Exact copies of the lines from the one with "Message, Payment and" through the last line of the entries, and no pictures, make up the answer.

Records from a dataset
/---

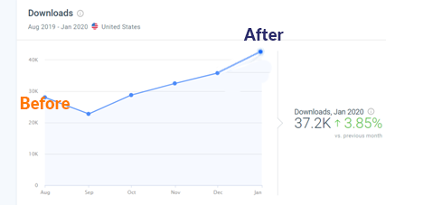 We implemented a lot of strategies, including picked the right set of keywords, selected an appropriate app name & description, and more to increase their app ranking. This graph clearly shows the drastic increase in ranking.
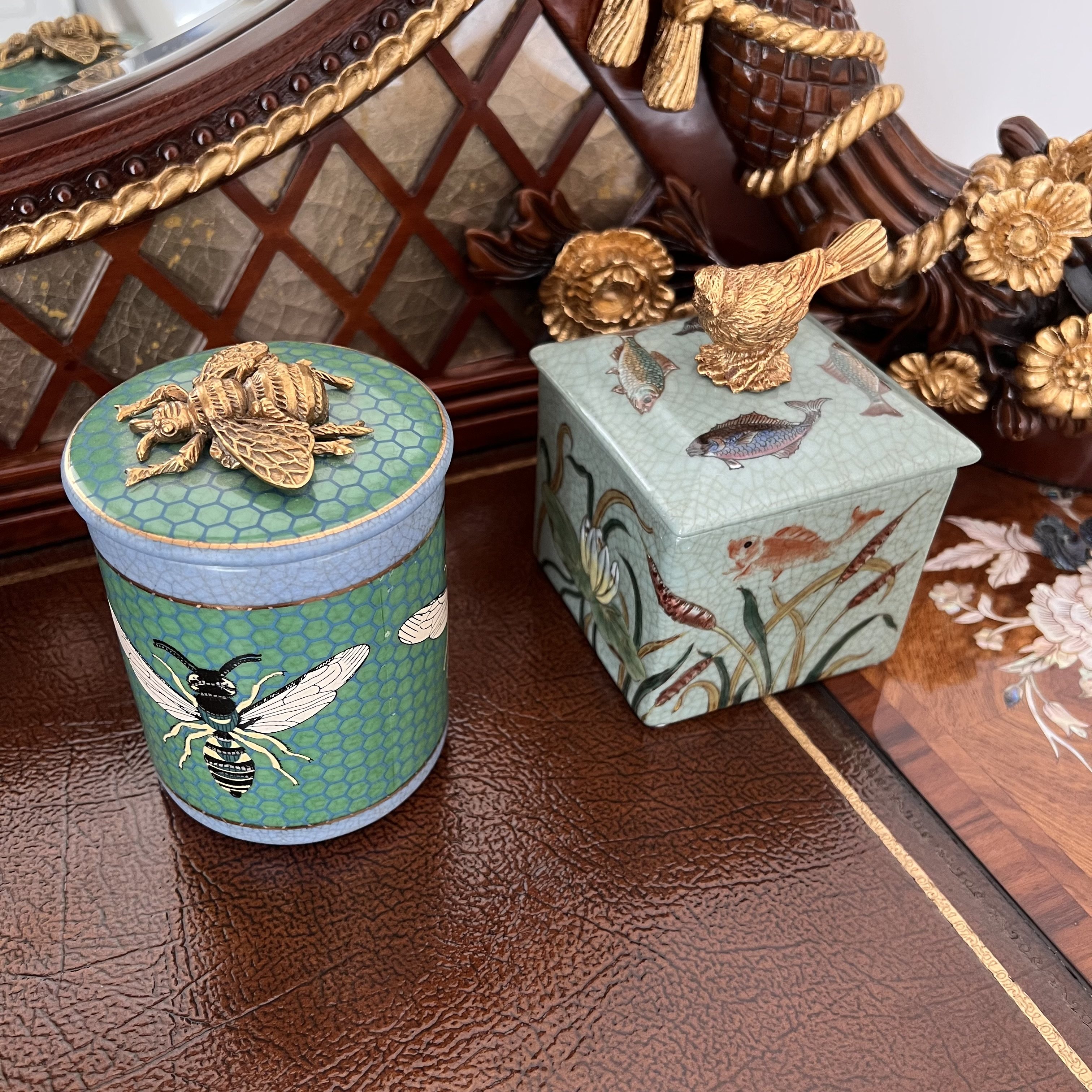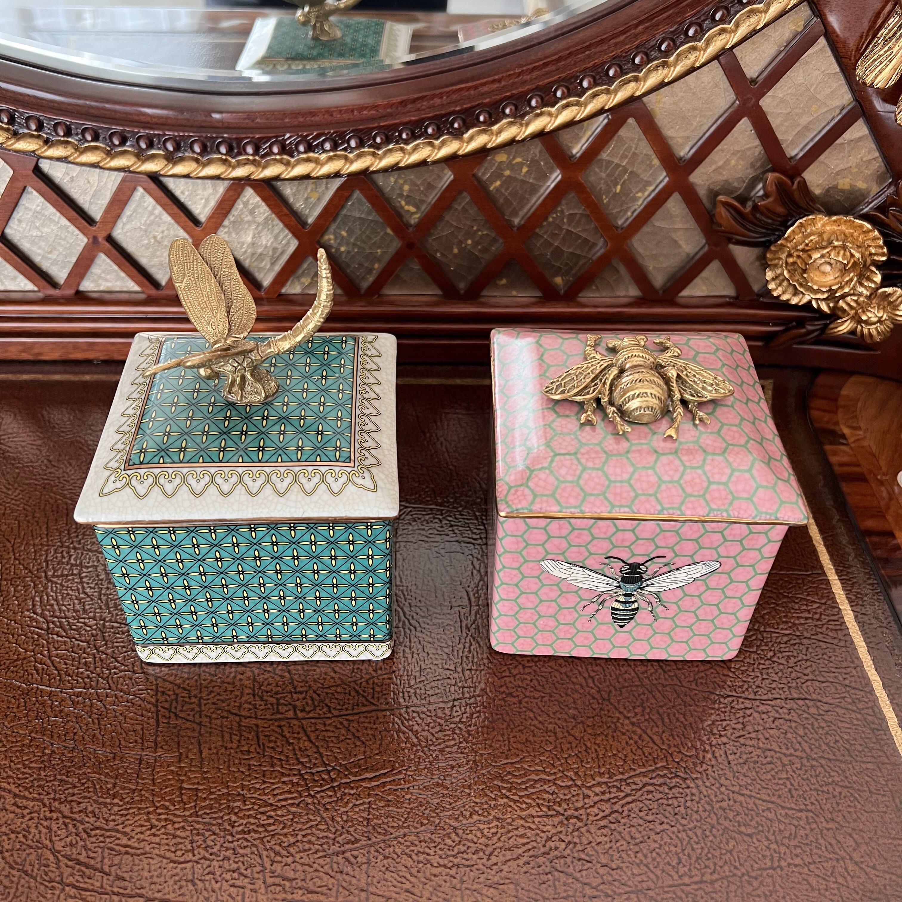法式古典收纳盒装饰品陶瓷配黄铜盖盒桌面小摆件梳妆台首饰盒复古
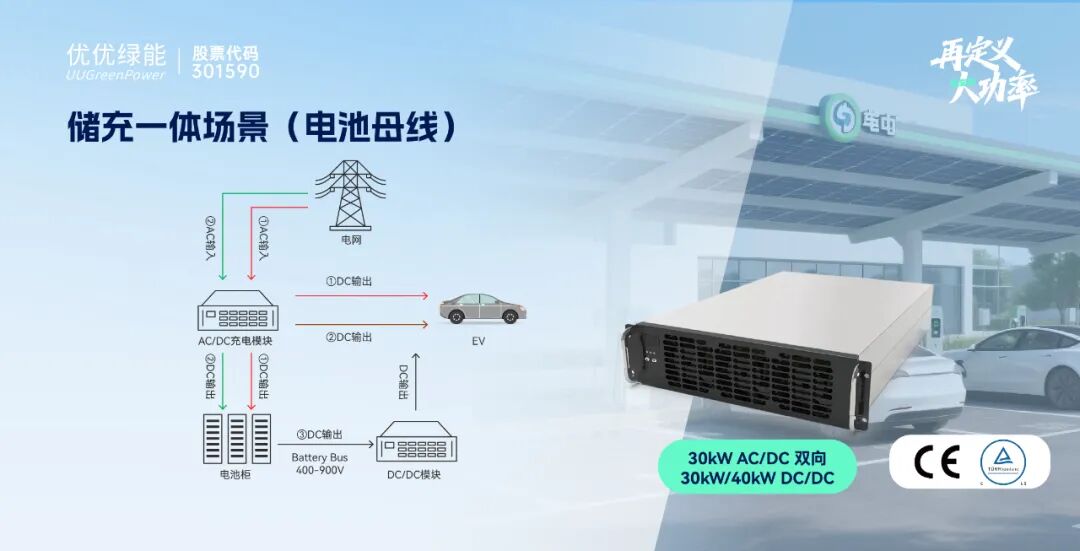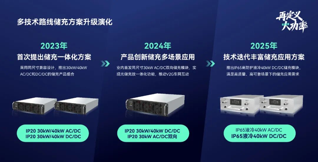 2023年优优绿能首次在业内提出兼容一体化储充解决方案,30/40kW AC/DC和DC/DC模块均采用同尺寸兼容设计理念,方便系统便捷化集成,助力产业储充一体化建设;在2024年优优绿能通过产品创新,业内首发同尺寸30kW AC/DC双向储充模块,实现光储充放一体化功能,支持国家V2G车网互动规模化试点应用;2025年基于第二代液冷储充技术,迭代推出IP65高防护液冷40kW DC/DC储充模块,满足高质量、高可靠场景下的储充应用需求,进一步完善多技术路线产品方案,为全球行业客户提供IP20风冷散热和IP65全液冷散热两种技术路线的储充方案。
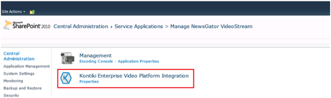 For the administrator, the Kontiki integration capability deploys as a SharePoint feature.
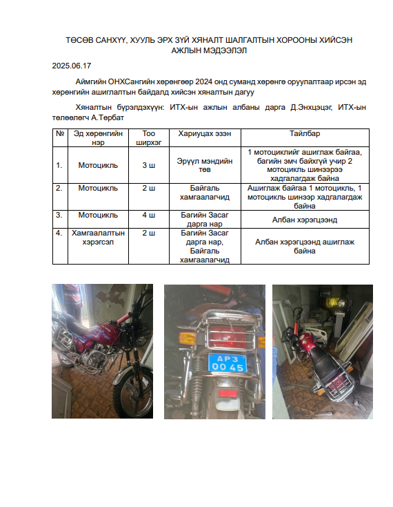 Төсөв санхүү, хууль эрх зүйн хяналт шалгалтын хороо төлөвлөгөөний дагуу хийж гүйцэтгэсэн хяналт шалгалтын мэдээлэл
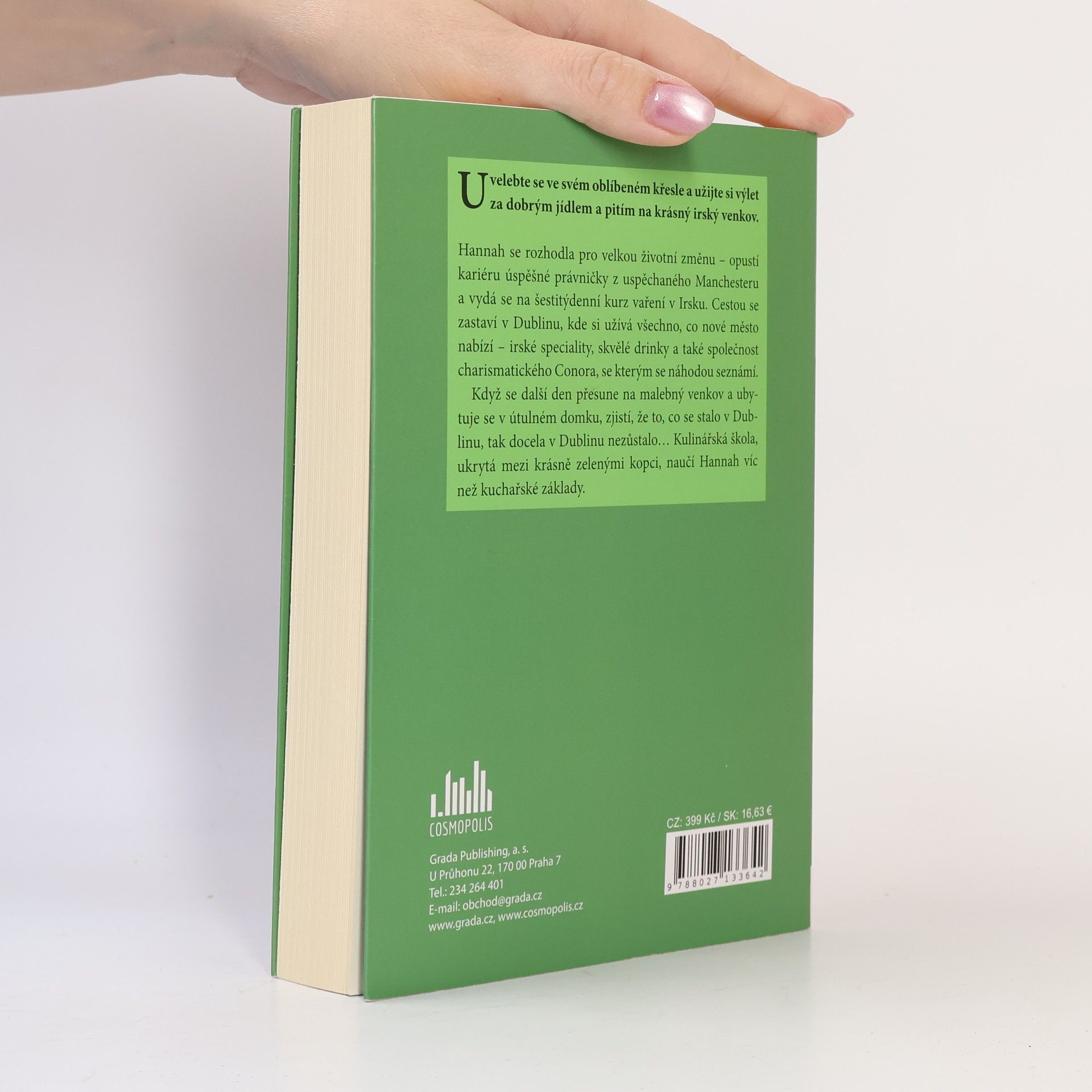 Uvelebte se v oblíbeném křesle a užijte si výlet za dobrým jídlem a pitím na krásný irský venkov. Hannah se rozhodla pro velkou životní změnu – vymění kariéru úspěšné právničky z uspěchaného Manchesteru za šestitýdenní kurz vaření v Irsku. Cestou se zastaví v Dublinu, kde si užívá všechno, co nové město nabízí – irské speciality, skvělé drinky a také společnost charismatického Conora, se kterým se náhodou seznámí. Když se další den přesune na malebný venkov a ubytuje se v útulném domku, zjistí, že to, co se stalo v Dublinu, tak docela v Dublinu nezůstalo… Kulinářská škola ukrytá mezi krásně zelenými kopci naučí Hannah víc než kuchařské základy.
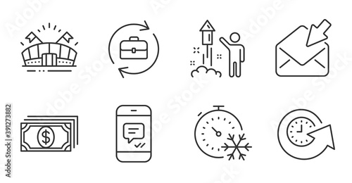 Message, Payment and Fireworks line icons set. Freezing timer, Update time and Sports arena signs. Human resources, Open mail symbols. Phone messenger, Finance, Party pyrotechnic. Vector
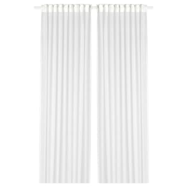 The curtains are made from 41 recycled 0.5l PET bottles. Using waste as a resource brings us one step closer to a more sustainable future. The sheer curtains let the daylight through but provide privacy so they are perfect to use in a layered window solution. The heading tape makes it easy for you to create pleats using RIKTIG curtain hooks.
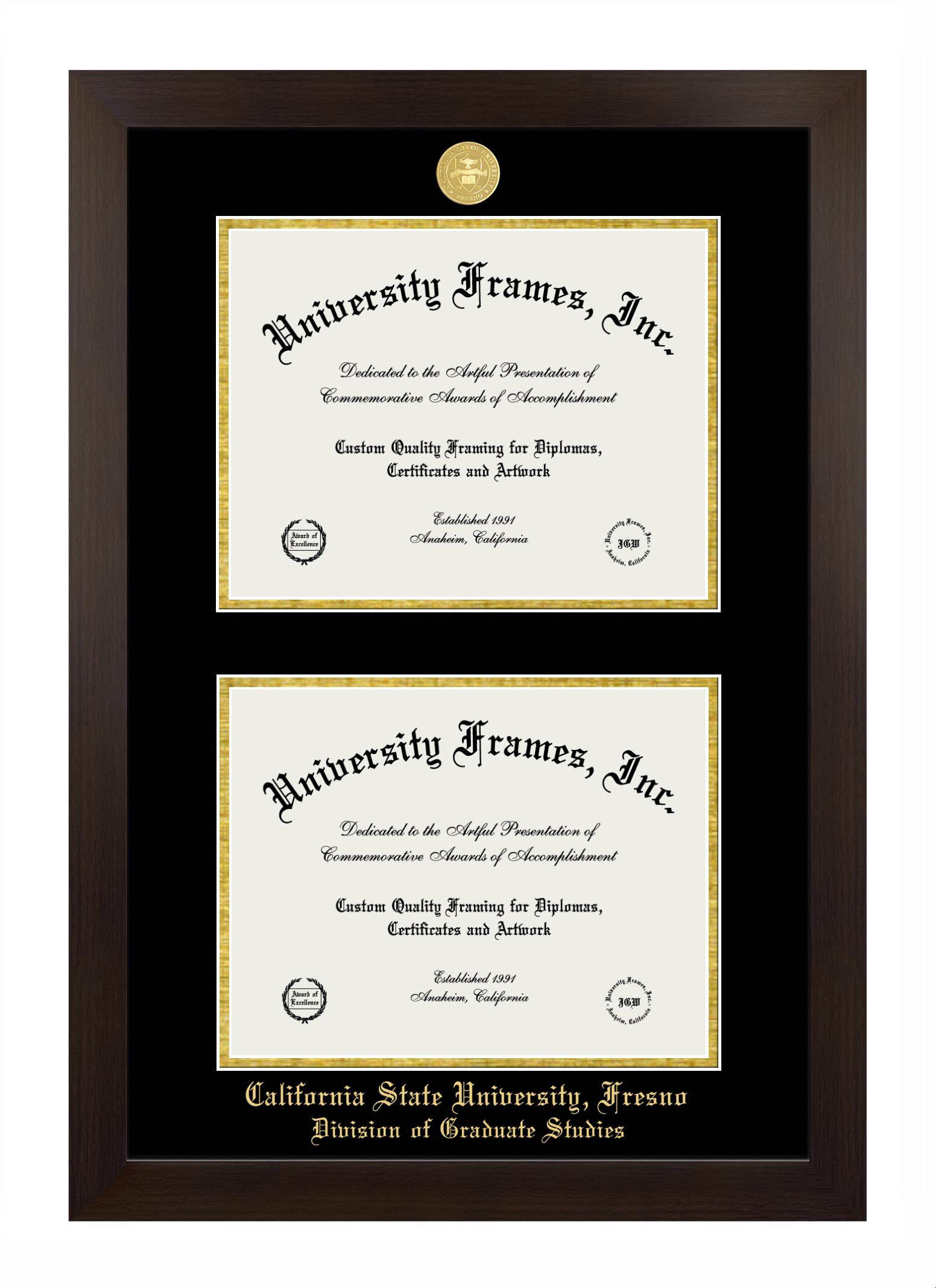 If you are a recent California State University, Fresno Division of Graduate Studies graduate or an alum looking for a professional diploma frame to show off your accomplishment, look no further. We provide officially licensed custom diploma frames that come with the original California State University, Fresno Division of Graduate Studies seal. Our handcrafted degree frames make an ideal graduation gift for any California State University, Fresno Division of Graduate Studies recent graduate or alum. Each diploma frame is carefully crafted and inspected for quality and precision. Our graduation frames can be easily customized according to your taste and preference. Customize your college diploma frame now!

\---

REPLY TO THE EXERCISE:
 Message, Payment and Fireworks line icons set. Freezing timer, Update time and Sports arena signs. Human resources, Open mail symbols. Phone messenger, Finance, Party pyrotechnic. Vector
 The curtains are made from 41 recycled 0.5l PET bottles. Using waste as a resource brings us one step closer to a more sustainable future. The sheer curtains let the daylight through but provide privacy so they are perfect to use in a layered window solution. The heading tape makes it easy for you to create pleats using RIKTIG curtain hooks.
 If you are a recent California State University, Fresno Division of Graduate Studies graduate or an alum looking for a professional diploma frame to show off your accomplishment, look no further. We provide officially licensed custom diploma frames that come with the original California State University, Fresno Division of Graduate Studies seal. Our handcrafted degree frames make an ideal graduation gift for any California State University, Fresno Division of Graduate Studies recent graduate or alum. Each diploma frame is carefully crafted and inspected for quality and precision. Our graduation frames can be easily customized according to your taste and preference. Customize your college diploma frame now!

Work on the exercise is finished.